Dataset section =>
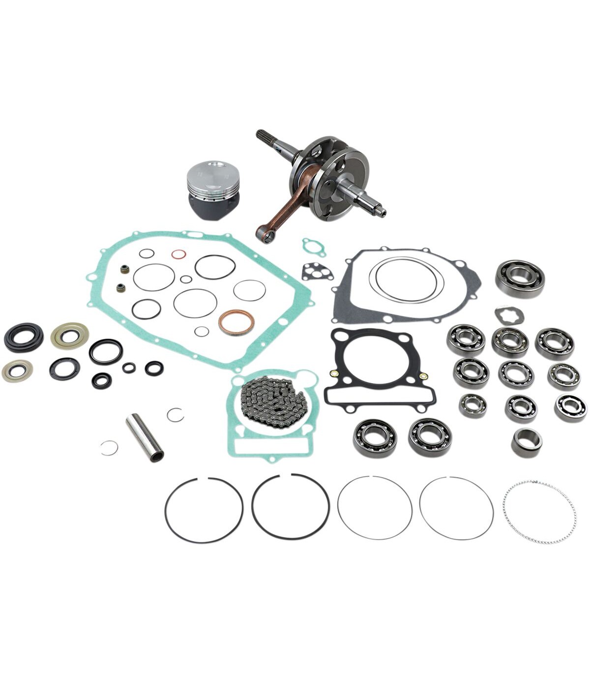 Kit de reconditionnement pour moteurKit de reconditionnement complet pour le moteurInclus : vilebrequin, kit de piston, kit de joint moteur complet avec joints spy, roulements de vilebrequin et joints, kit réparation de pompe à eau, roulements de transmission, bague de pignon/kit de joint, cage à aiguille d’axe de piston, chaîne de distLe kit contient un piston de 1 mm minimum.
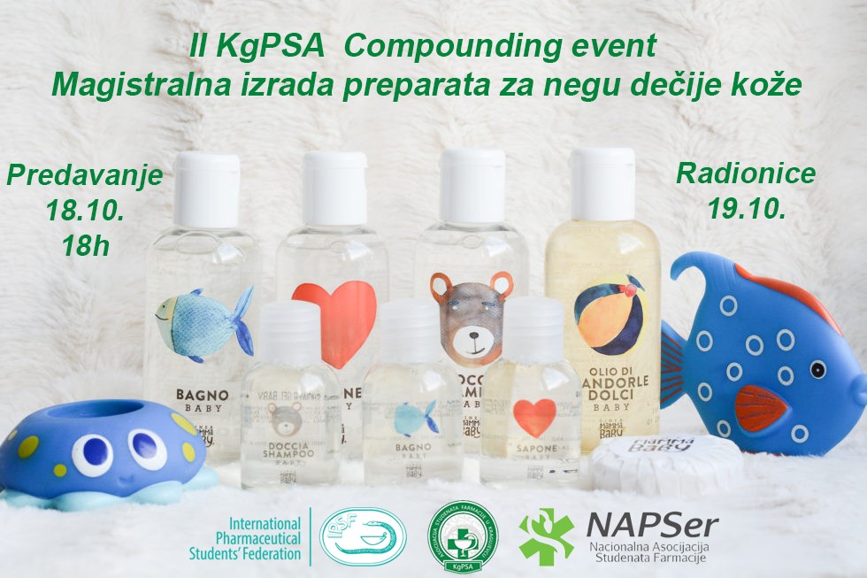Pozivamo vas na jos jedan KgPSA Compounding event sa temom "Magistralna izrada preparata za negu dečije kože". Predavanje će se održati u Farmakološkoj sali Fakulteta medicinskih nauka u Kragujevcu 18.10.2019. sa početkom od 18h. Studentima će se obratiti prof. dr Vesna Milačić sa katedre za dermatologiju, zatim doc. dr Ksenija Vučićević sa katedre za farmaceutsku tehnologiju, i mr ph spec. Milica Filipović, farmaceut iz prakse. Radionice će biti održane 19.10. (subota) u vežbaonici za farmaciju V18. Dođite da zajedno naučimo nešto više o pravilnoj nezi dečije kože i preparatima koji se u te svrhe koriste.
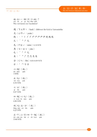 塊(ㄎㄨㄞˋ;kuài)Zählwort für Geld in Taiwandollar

Exercise objective =>
Leave every picture out and write out exactly the lines from the line with "Pozivamo vas na" through the last line of the material.

Output =>
Pozivamo vas na jos jedan KgPSA Compounding event sa temom "Magistralna izrada preparata za negu dečije kože". Predavanje će se održati u Farmakološkoj sali Fakulteta medicinskih nauka u Kragujevcu 18.10.2019. sa početkom od 18h. Studentima će se obratiti prof. dr Vesna Milačić sa katedre za dermatologiju, zatim doc. dr Ksenija Vučićević sa katedre za farmaceutsku tehnologiju, i mr ph spec. Milica Filipović, farmaceut iz prakse. Radionice će biti održane 19.10. (subota) u vežbaonici za farmaciju V18. Dođite da zajedno naučimo nešto više o pravilnoj nezi dečije kože i preparatima koji se u te svrhe koriste.
 塊(ㄎㄨㄞˋ;kuài)Zählwort für Geld in Taiwandollar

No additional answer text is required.